As part of their single cask program, K&L Wines brought in a clutch of casks from Kilchoman. While the sherried one sold out fairly quickly, four ex-bourbon casks - two made from Port Ellen malt and two made from the distillery's own floor malt - languished on shelves and in their warehouse.
Some months ago Michael Kravitz
proposed splitting one of those casks, #74, as the best of the bunch. At $20 for a quarter of a bottle, it wasn't a major investment, but still gave me enough whisky to get a good sense of its character.
This is whisky made from Port Ellen malt distilled at Kilchoman on February 22, 2008, matured in an ex-bourbon cask, then bottled on December 16, 2013 at 58.4% without coloring or chill filtration.
Reviews have been posted simultaneously at Diving for Pearls
and My Annoying Opinions
Kilchoman Single Cask #74
: inky, coal dust, dense peat smoke, rich polished oak, dry malt with a roasted edge by the seashore, berry fruit leather, raisins, cooling tar in the background, fresh cut grass, heather. After adding a few drops of water, oak is significantly toned down and the peat is joined by smoldering cinnamon bark, giving it an incense-like quality, and some ham and sweet vanilla notes come out.
:big cask strength sweetness on top of a thick layer of oak, cinnamon buried in the wood, berries, raisins, and fruit esters around the middle, inky peat becoming more mossy right at the back. After dilution, the basic elements are retained but softened a hair, the berries become much stronger in the middle, the malt becomes drier and dustier with some hay around the middle, but the alcohol heat becomes more significant at the back.
: fresh mossy peat, a touch of ash, sweet malt, berries with a bit of dirt, polished oak tannins, mineral/stones
This is big in every sense of the word. The key elements - malt, oak, and peat - dominate the experience and push aside almost any nuance. The oak has that concentrated quality found in some recent Laphroaig 10 Year Cask Strength releases that makes is almost seem sherried. While I can see the appeal at this strength, the lack of nuance doesn't really do too much for me, especially considering the price.

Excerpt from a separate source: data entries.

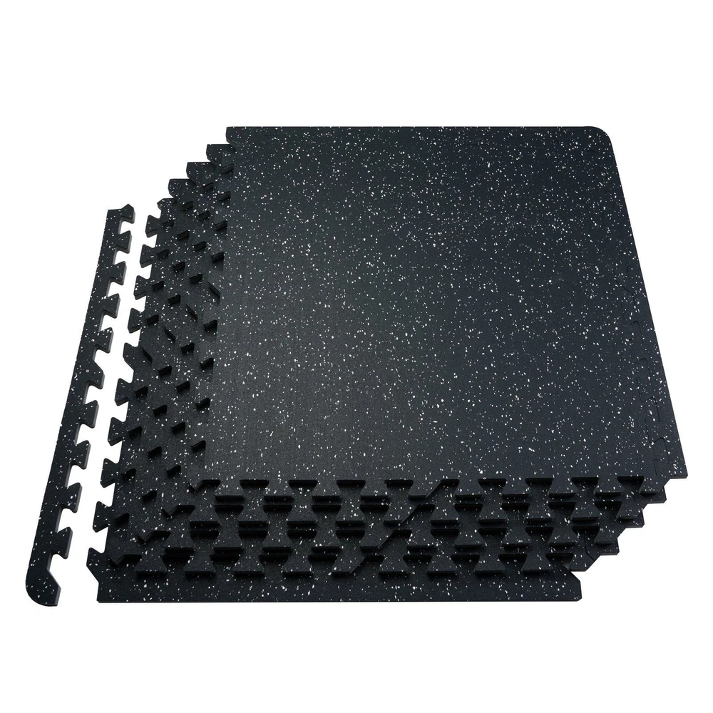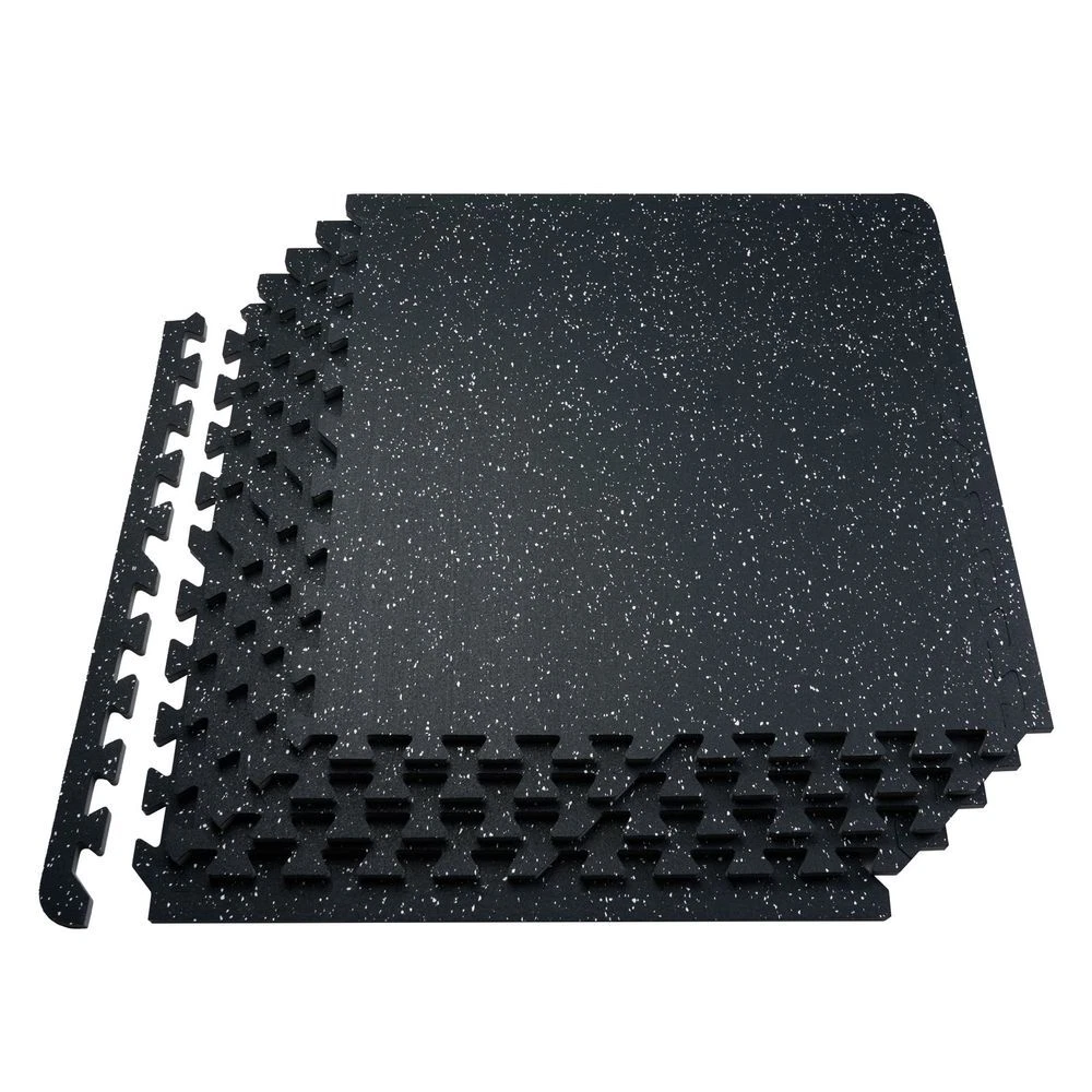 Features: Upgraded Material: The mat is made of 2-in-1 material, 0.56 inch rubber top with EVA foam ensures excellent slip resistance. This gym flooring for home gym design effectively absorbs shock and rebounds while providing enough grip for safe workouts. 100 Square Feet Coverage: The gym mats include 25 tiles and 50 borders, covering 100 sq ft. The workout mats can reduce the noise effectively, allowing you to work out upstairs without disturbing those below, making your fitness routine neighbor-friendly. Wear and Scratch Resistant: The surface is made of high-tensile rubber material, making it durable against wear and scratches. These rubber floor mats resist marks from foot traffic and are not easily damaged. Easy to Assemble: Our interlocking foam exercise mats provides quick and convenient assembly for your home fitness program. Easy Care: Enjoy easy maintenance with our cleanable gym floor mat; simply wipe or rinse the surface for quick and effortless cleaning, ensuring your rubber flooring tiles stay fresh and ready for your next workout.
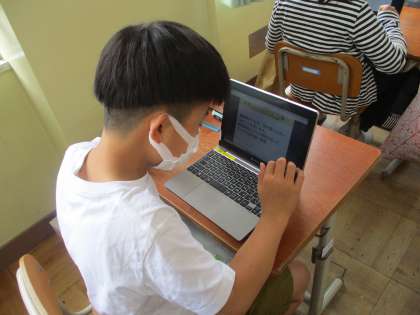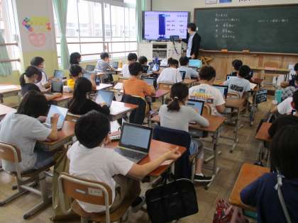 4年生の総合的な学習では,〈共に生きる〉と題して高齢者の方や障がいのある方と共に生きる社会ついて学習しています。今日は,タブレットを使って調べたことをレポートにまとめました。
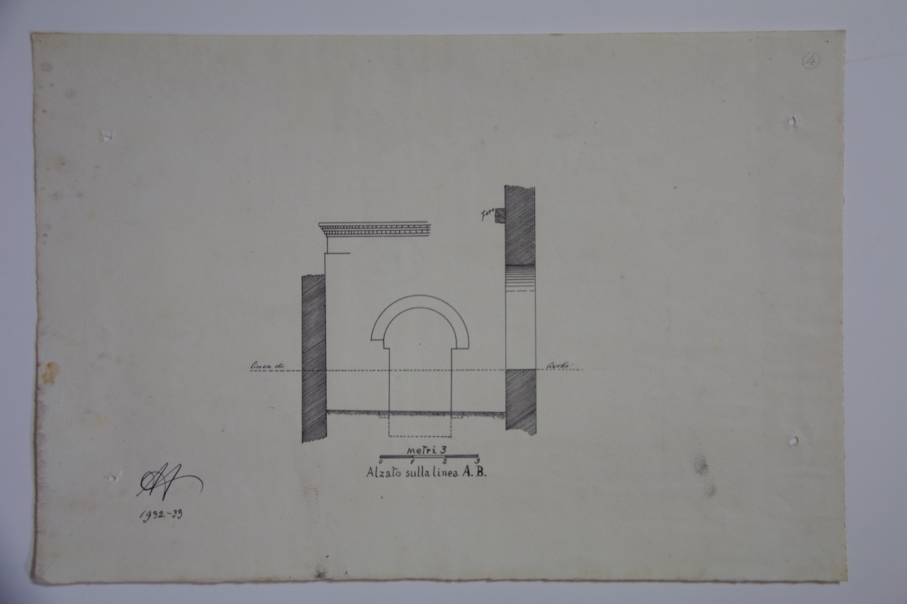 Disegno a inchiostro di china su carta. Linea di livello del matroneo sulla A-B della basilica di San Vitale di Ravenna
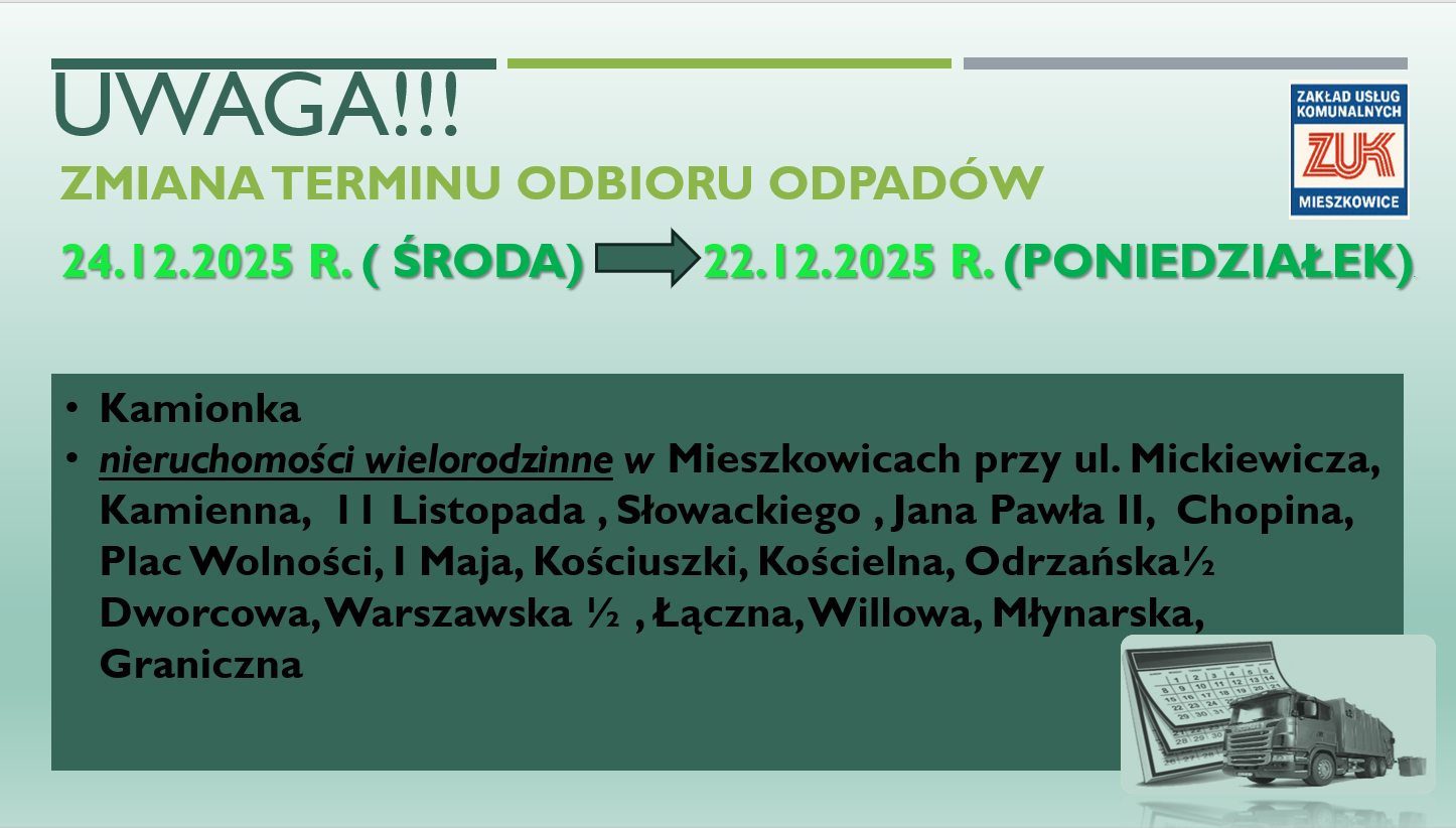 Zaplanowane w harmonogramie odbiory odpadów w Wigilię - 24.12.2025 r. ( środa),

At the least, adding water is a necessity to get some complexity, though the extra alcohol heat makes that less palatable.
Continuing my tradition of experimenting with cask strength releases, I diluted this whisky to 50% and 46% to see how it developed.

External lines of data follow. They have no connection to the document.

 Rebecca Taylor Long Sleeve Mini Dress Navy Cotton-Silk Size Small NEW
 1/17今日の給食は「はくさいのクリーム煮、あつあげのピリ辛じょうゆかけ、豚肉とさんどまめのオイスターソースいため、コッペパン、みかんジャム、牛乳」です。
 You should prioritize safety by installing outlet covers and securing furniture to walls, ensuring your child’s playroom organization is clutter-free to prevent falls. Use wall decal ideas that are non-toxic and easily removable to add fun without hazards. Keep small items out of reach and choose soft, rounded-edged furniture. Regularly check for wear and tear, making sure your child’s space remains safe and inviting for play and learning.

: malt dominates with a bit of a sharp edge, mossy peat is very shy (though it expands a bit with time) and integrates with the green herbal/grass notes/seashore notes, integrated vanilla, bright but not aggressive oak
: malt sweetness up front that is quickly joined by moderate oak tannins underneath, strong herbal/floral/vanilla notes in the middle, cinnamon and nutmeg, mossy peat is in the background near the end, berry overtones ride throughout
: light mossy peat, dry malt, dried flowers, fresh vegetation, sweet berry notes
This strength presents a very peculiar balance - the peat is almost difficult to find, which lets the barrel and malt talk more loudly. It's not as soft as the 46% dilution - the alcohol makes itself known without being a kick in the face. The amped up sweetness, spices, and berry notes in the palate give it a bit more character, though the peat is even harder to find here.
: lots of dry malt with a touch of hay and polenta, light peat, a touch of smoke, dried mushrooms, green grass and herbs, vanilla frosting, very lightly floral, seashore/seaweed in the background, cinnamon, nutmeg, a touch of mint, fresh earth
: very malty, lightly sweet, American oak with light floral and minty/herbal overtones picks up around the middle, joined by light peat wrapped around creamy vanilla malt at the back
: hints of fruit esters (apples and berries?), malty, balanced oak tannins and peat, light vanilla
Considering its bombastic nature at full strength, the spirit gets downright tame when proofed down to 46%. While the peat certainly hasn't disappeared, it gets a lot softer, almost playing second fiddle to the malt. The palate isn't wildly complex, but the nose brings a lot more action, taking it in a fresh but not immature direction.
Looking over these three strengths makes me feel like we really need to step back from the veneration of cask and batch strength
malts. While they do give consumers more options to drink their spirits at the strength of their choice, few will take the time to experiment and find the best dilution. For me the palate worked best at 50% while the nose shone at 46%. Proofing down single casks shouldn't be heresy.